Supplied information:
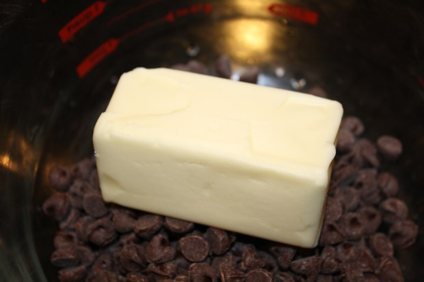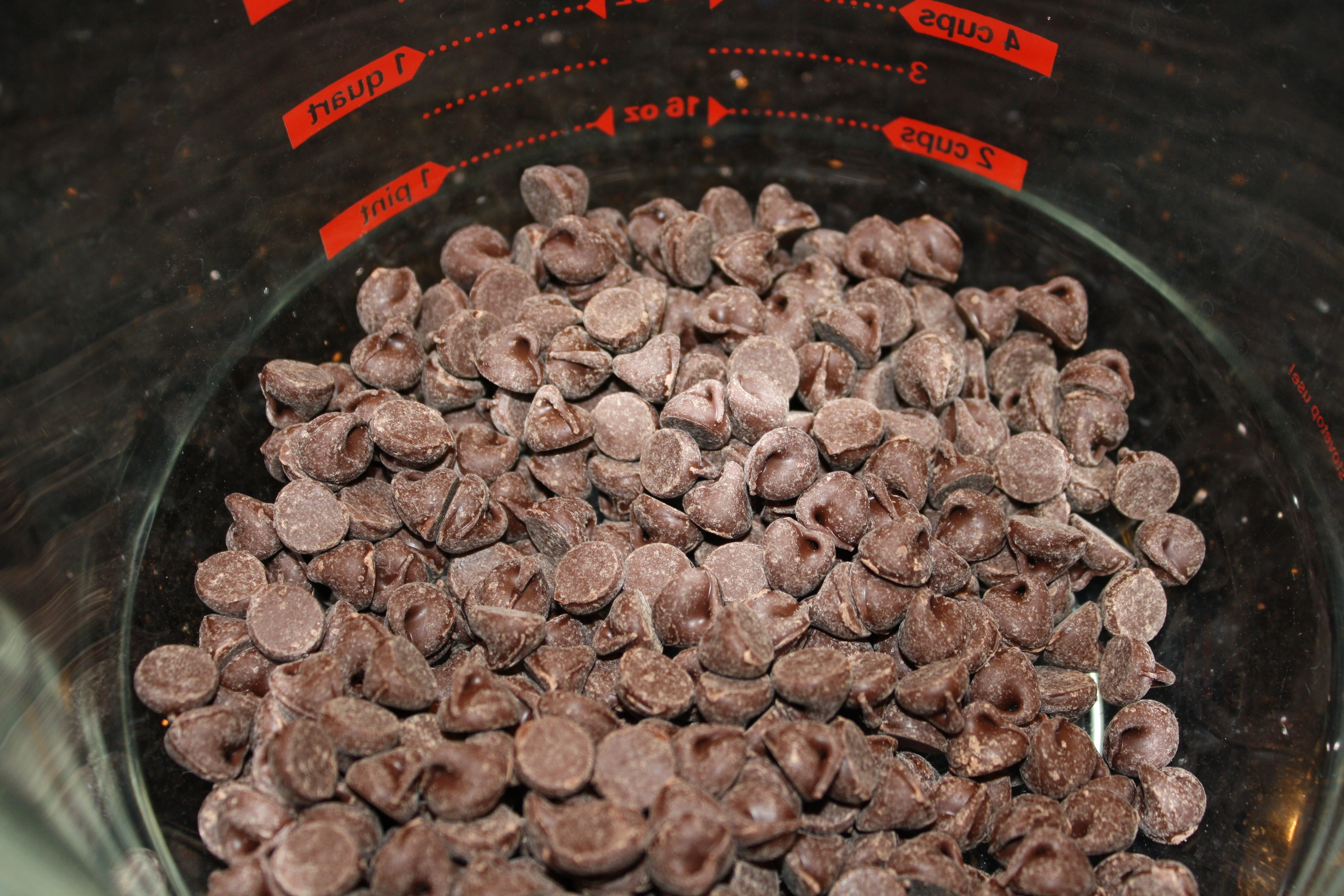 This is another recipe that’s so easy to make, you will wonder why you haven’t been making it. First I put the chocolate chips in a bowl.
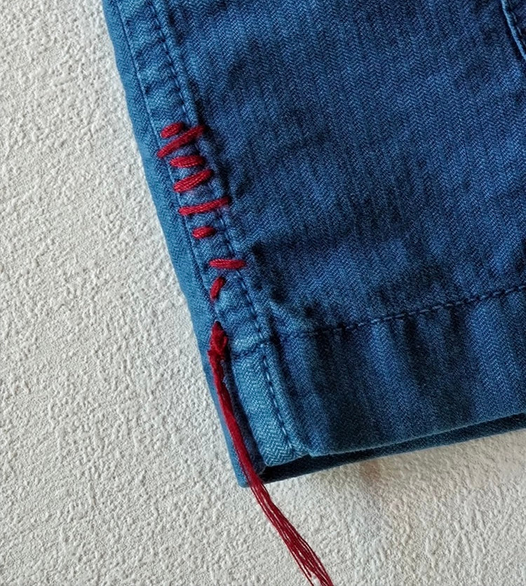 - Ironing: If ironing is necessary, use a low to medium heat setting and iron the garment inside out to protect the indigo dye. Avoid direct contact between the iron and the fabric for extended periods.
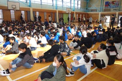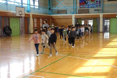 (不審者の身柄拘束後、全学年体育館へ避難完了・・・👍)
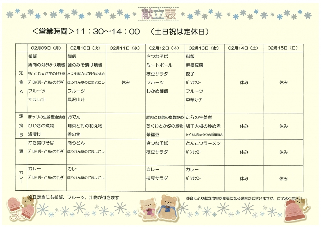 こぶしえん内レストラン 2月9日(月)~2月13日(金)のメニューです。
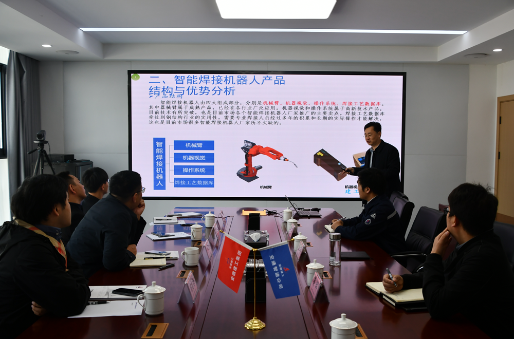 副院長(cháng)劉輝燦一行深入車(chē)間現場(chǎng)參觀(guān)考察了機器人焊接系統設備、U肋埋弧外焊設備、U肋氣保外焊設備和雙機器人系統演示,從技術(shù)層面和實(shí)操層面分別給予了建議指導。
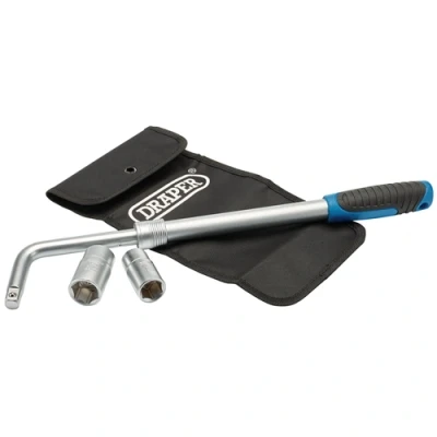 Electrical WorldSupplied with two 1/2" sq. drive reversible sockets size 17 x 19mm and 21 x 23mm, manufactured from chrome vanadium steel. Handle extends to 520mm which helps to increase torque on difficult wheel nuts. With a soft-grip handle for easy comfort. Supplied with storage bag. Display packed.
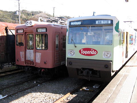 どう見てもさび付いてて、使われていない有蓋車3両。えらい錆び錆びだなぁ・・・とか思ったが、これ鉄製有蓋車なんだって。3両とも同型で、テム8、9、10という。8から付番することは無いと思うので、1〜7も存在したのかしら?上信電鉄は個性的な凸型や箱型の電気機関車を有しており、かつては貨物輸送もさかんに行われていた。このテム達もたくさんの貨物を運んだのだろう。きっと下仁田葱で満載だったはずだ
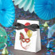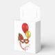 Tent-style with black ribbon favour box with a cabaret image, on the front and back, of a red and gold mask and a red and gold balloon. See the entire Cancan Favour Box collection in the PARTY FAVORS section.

Activity: Would you give again, exactly as written, the lines from the one containing "Electrical WorldSupplied with" through the end of the records, with no pictures and no other lines?

Completed exercise:
 Electrical WorldSupplied with two 1/2" sq. drive reversible sockets size 17 x 19mm and 21 x 23mm, manufactured from chrome vanadium steel. Handle extends to 520mm which helps to increase torque on difficult wheel nuts. With a soft-grip handle for easy comfort. Supplied with storage bag. Display packed.
 どう見てもさび付いてて、使われていない有蓋車3両。えらい錆び錆びだなぁ・・・とか思ったが、これ鉄製有蓋車なんだって。3両とも同型で、テム8、9、10という。8から付番することは無いと思うので、1〜7も存在したのかしら?上信電鉄は個性的な凸型や箱型の電気機関車を有しており、かつては貨物輸送もさかんに行われていた。このテム達もたくさんの貨物を運んだのだろう。きっと下仁田葱で満載だったはずだ
 Tent-style with black ribbon favour box with a cabaret image, on the front and back, of a red and gold mask and a red and gold balloon. See the entire Cancan Favour Box collection in the PARTY FAVORS section.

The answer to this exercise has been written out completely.